シェアハウス運営で試行錯誤 コミュニティ形成がカギに 試される事業者の〝腕〟
住宅新報 2013年9月17日 号 15面

良好なコミュニティが鍵に。(写真はストーンズが川崎市で供給するシェアハウス)
10年ほど前から注目され始めたシェアハウス。特にここ3~4年は事業者の市場参入が進み、「賃貸市場の新たなジャンル」としての地位を確立した感がある。利用する入居者にとっての魅力だけでなく、「高利回り」「高収益」を合言葉に、事業収支性の高さを投資家にアピールする事業者も多い。ただ、時には問題行動を取る入居者が出現するのも事実。甘くない現実がそこにある。
「運営管理の労力が想像以上。儲かっても、それ以上の手間がかかった」と語るのは、不動産情報ポータルサイト「ひとりぐらし白書」を運営するエイリスト(東京都渋谷区)の酒井一樹社長。09年9月からシェアハウス事業を手掛けたが、約2年後の11年7月に撤退。今は、ウェブ事業に専念している。

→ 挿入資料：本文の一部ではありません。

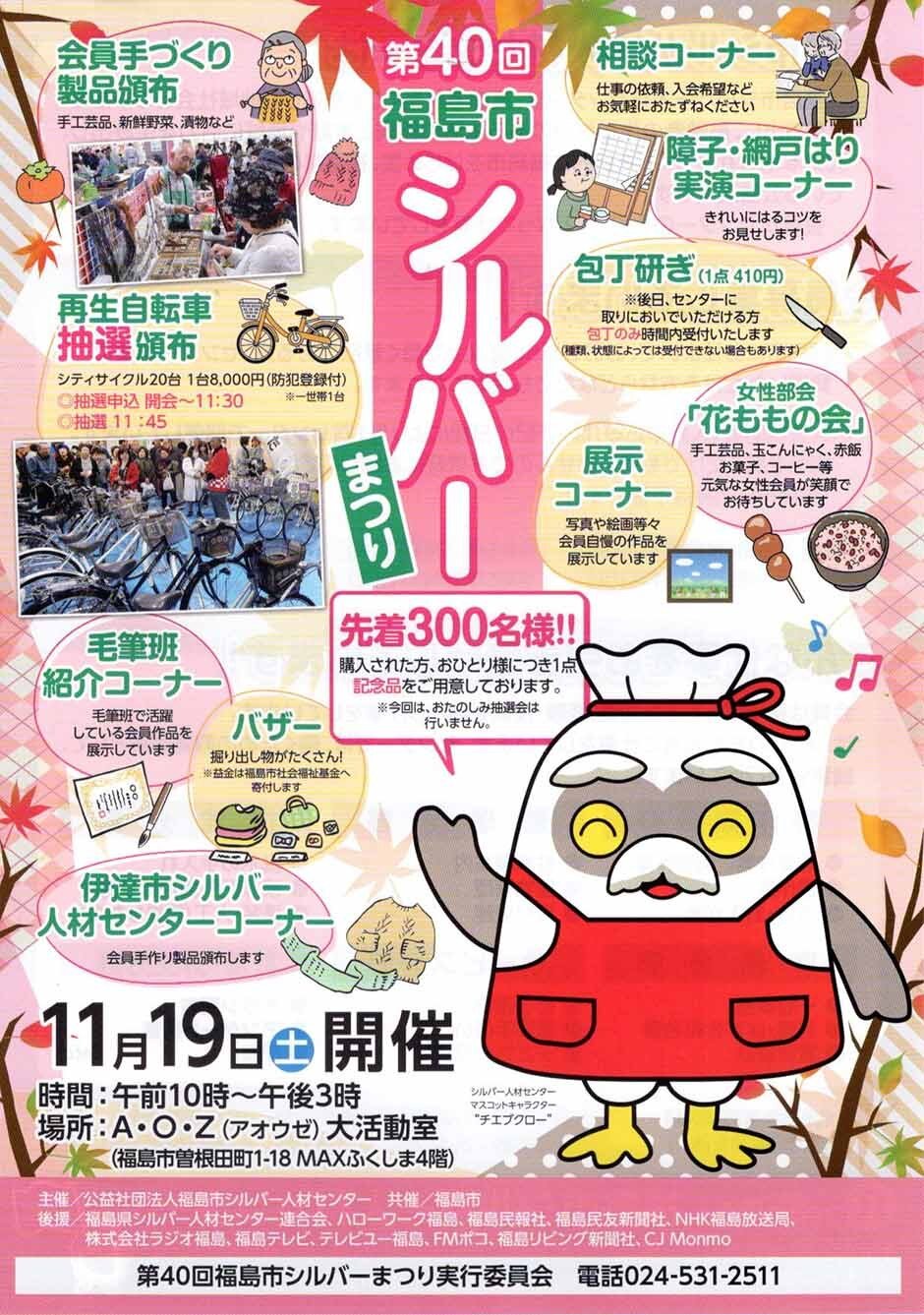 お問い合わせ | お問い合わせ 第40回福島市シルバーまつり実行委員会 TEL 024-531-2511 主催 公益社団法人福島市シルバー人材センター アクティブシニアセンター・アオウゼ 〒960-8051 福島市曽根田町1−18 MAXふくしま 024-533-2344 |

「異常なほどの人気だった」と09年のオープン当初を振り返る。1日の問い合わせ件数は20~30人。数日あれば満室に。1つが埋まれば次の物件を探し、合計5物件(戸建て2物件、マンション3物件)を運営するまでに成長した。潮目が変わったのは、オープンから1年程度経過してから。それまで数十人だった問い合わせ件数が数人に落ち込み、3カ月程度で退去していくケースが増えてきた。退去者が入居者を上回る状況が常態化し、収益はどんどん悪化。酒井社長は、「競合が増えたこと」のほか、「賃料の安さだけを売りにした物件だったこと」を事業失敗の要因に挙げる。